Though I have encountered this memory many times before I always seem to forget the fatal ending I find myself amongst. I remember the old, apparently distraught man.

His hands dripping the same midnight red water that surrounds the now pale, cold body of a soul killed too son, leave his sight as he looks to the boy and girl he knew so well. He too falls to his knees, his eyes never leaving the little girl. As he falls my eyes follow and soon I see a gun at his knees. I begin to look around and notice a crowd of lost souls running and screaming, only so slowly as to have no effect on the boy, girl and man. Their fight to help, attempt to bring aid and comforting words and motions seem to have no effect on the now lost boy.

Rocking himself back and forth beside his late sister my own vision begins to rock, and I too see myself gazing upon the lifeless form that was once life itself. I find myself in the eyes of the boy, I find myself seeing something that registers as more than just a nightmare. My vision now distracted by the lights of what may have been a million cops and ambulances, and the tears or rain that has filled my eyes makes the rest a blur. I try to reach for my sister, hoping I could put just a little life into her to bring her back but I am pulled away.
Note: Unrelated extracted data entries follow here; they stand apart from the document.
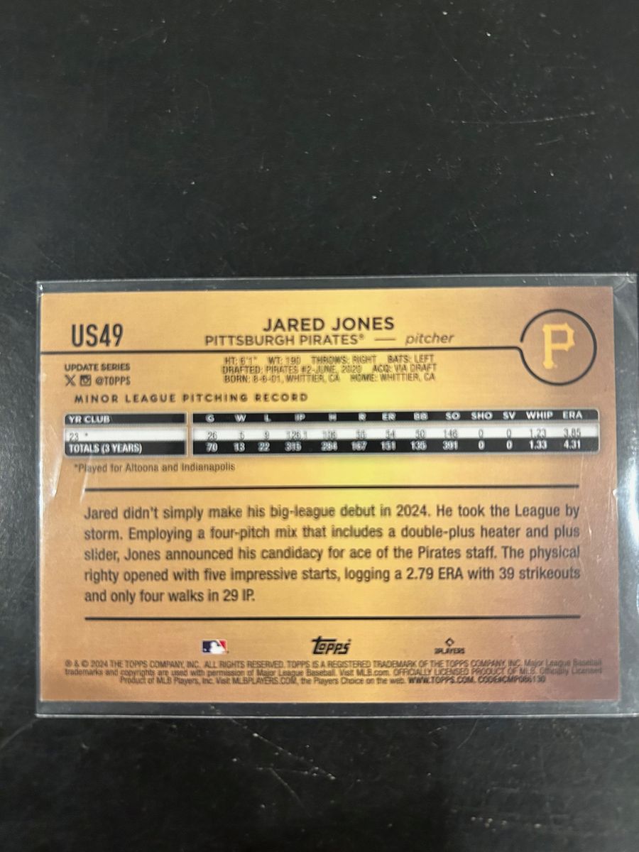 VenmoThis is an image variation Super short Print of Jared Jones called a Golden Mirror. The back is gold instead of the standard white. The front also has gold printing instead of the standard silver. This is his rookie card from the 2024 topps update series. It's in mint condition. Cash or Venmo accepted.
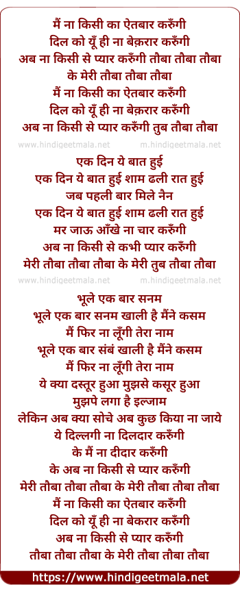 Lyrics of Main Na Kisi Ka Aitbar Karungi - मैं ना किसी का ऐतबार करुँगी
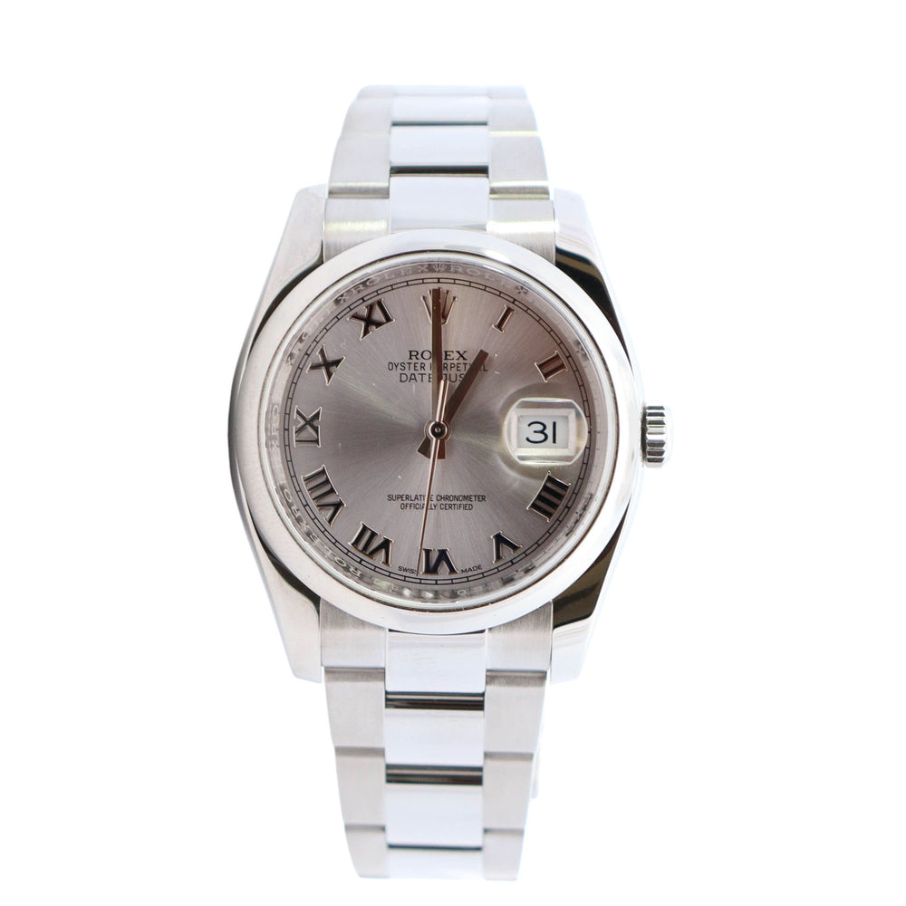 Rolex Datejust Stainless Steel 36mm Silver Roman Dial Watch Reference #: 116200

For 364 days of the year I am thrown through this cruel dream that places me at the impossible place of a little boy in a tragic situation. I never get to know who the man is, and for those days I never quite know who the boy or girl is. But on that last day, on the day of my sister’s birth I’m forced to realize the truth that was a tragic day so many years ago. I add a rose for each year I visit her eternal resting place upon this earth, a rose to symbolize the years she should be experiencing alongside her now lonely brother. A rose more importantly to remind me how many more years I’ve gotten, and how many times I have to give thanks for what I still have, for the life that I take so easily for granted.

Happy Birthday Sis…"

The quotes?.. yes this is my writing, but whether its true, or a story, or simply a nightmare which could have once been a memory or tragedy is unknown to even myself, the creator of this story that is slowly eating away at what once was a happy memory of childhood.